Roger paid $10 for the body and frame in 1965 and originally built it as a show car. "Painted with seven quarts of hand-rubbed black lacquer, the little old A-body looked pretty sharp," Chad told us. "However, the show car scene didn't cut it for racing fun, so the Briggs-bodied 1928 Ford Model A sport coupe (minus the top) was soon rebuilt to go draggin'."

Roger did all the work on the car with the exception of the upholstery and lettering. "They didn't have kits back then and not a lot of money—just a spirit to build and run a hot rod," Chad said. At first, their hot rod car was powered by a 301 cu-in. Chevy engine (283 bored 0.125-inch). By 1968, the roadster was running a 327 Chevy, bored to 333 inches.

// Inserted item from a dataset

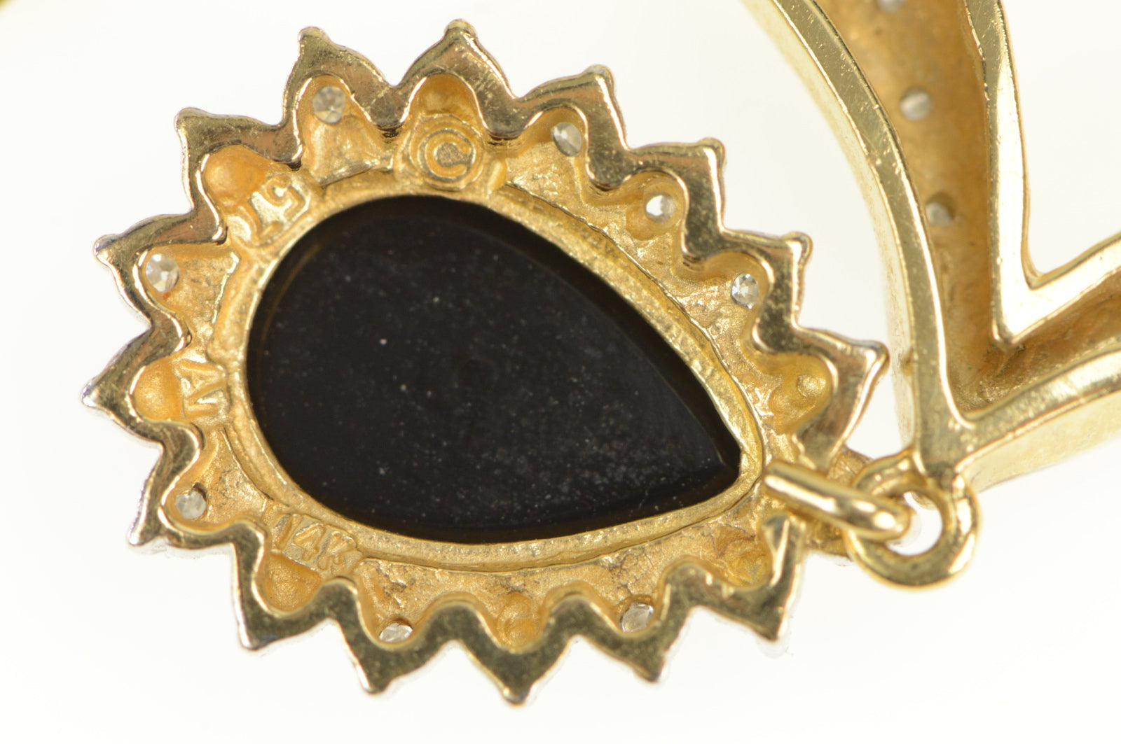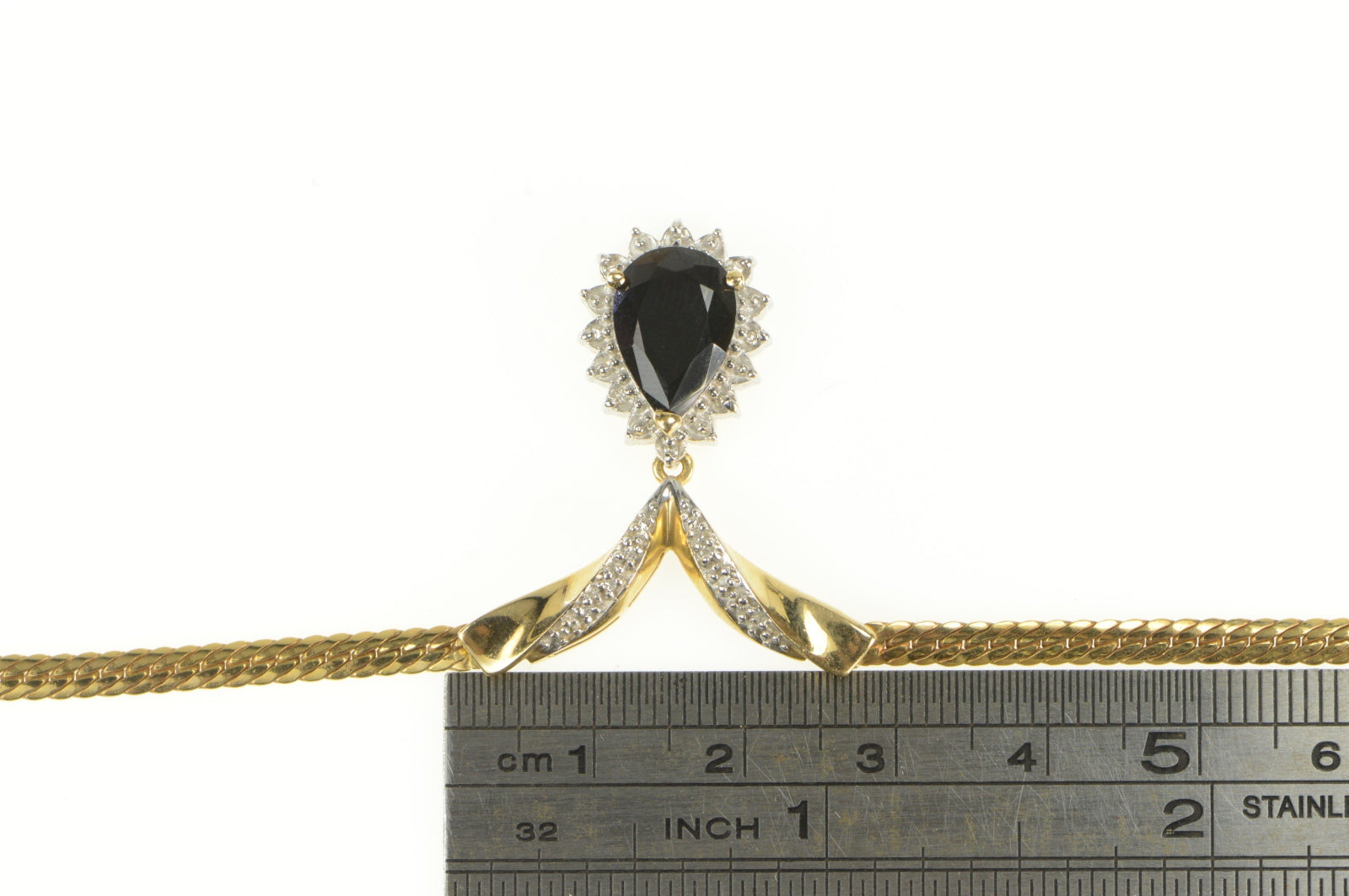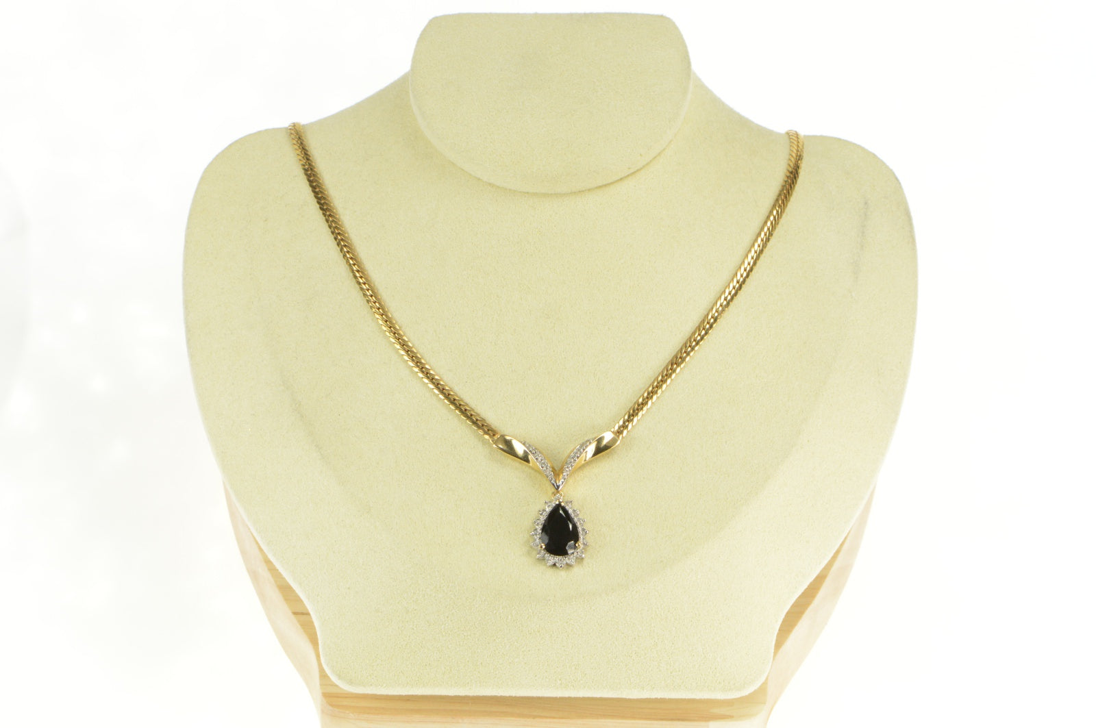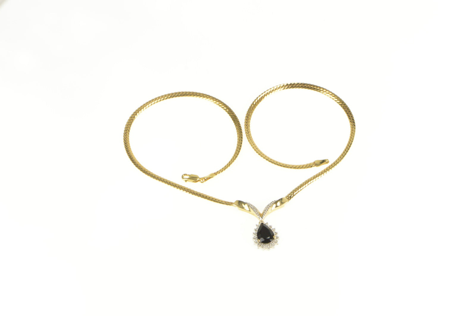 ·Item: 14K Pear Onyx Diamond Halo Herringbone Chain Necklace 17" Yellow Gold

The engine ran 2.02 (intake valve diameter) fuelie heads and was fed by a Hilborn mechanical fuel injection. A Hurst-shifted Muncie M22 "rock-crusher" transmission and 1957 Pontiac Posi 5.38:1 rearend backed up the Chevy engine. The chassis featured a chromoly straight axle and early four-bar suspension with a 1923 Ford Model T rear transverse spring. The front fuel tank was fabricated from a pair of Hamm's Beer pony kegs. The desirable wrinklewall slicks, contributed by drag racer Tom Hoover, made for dramatic wheelstands.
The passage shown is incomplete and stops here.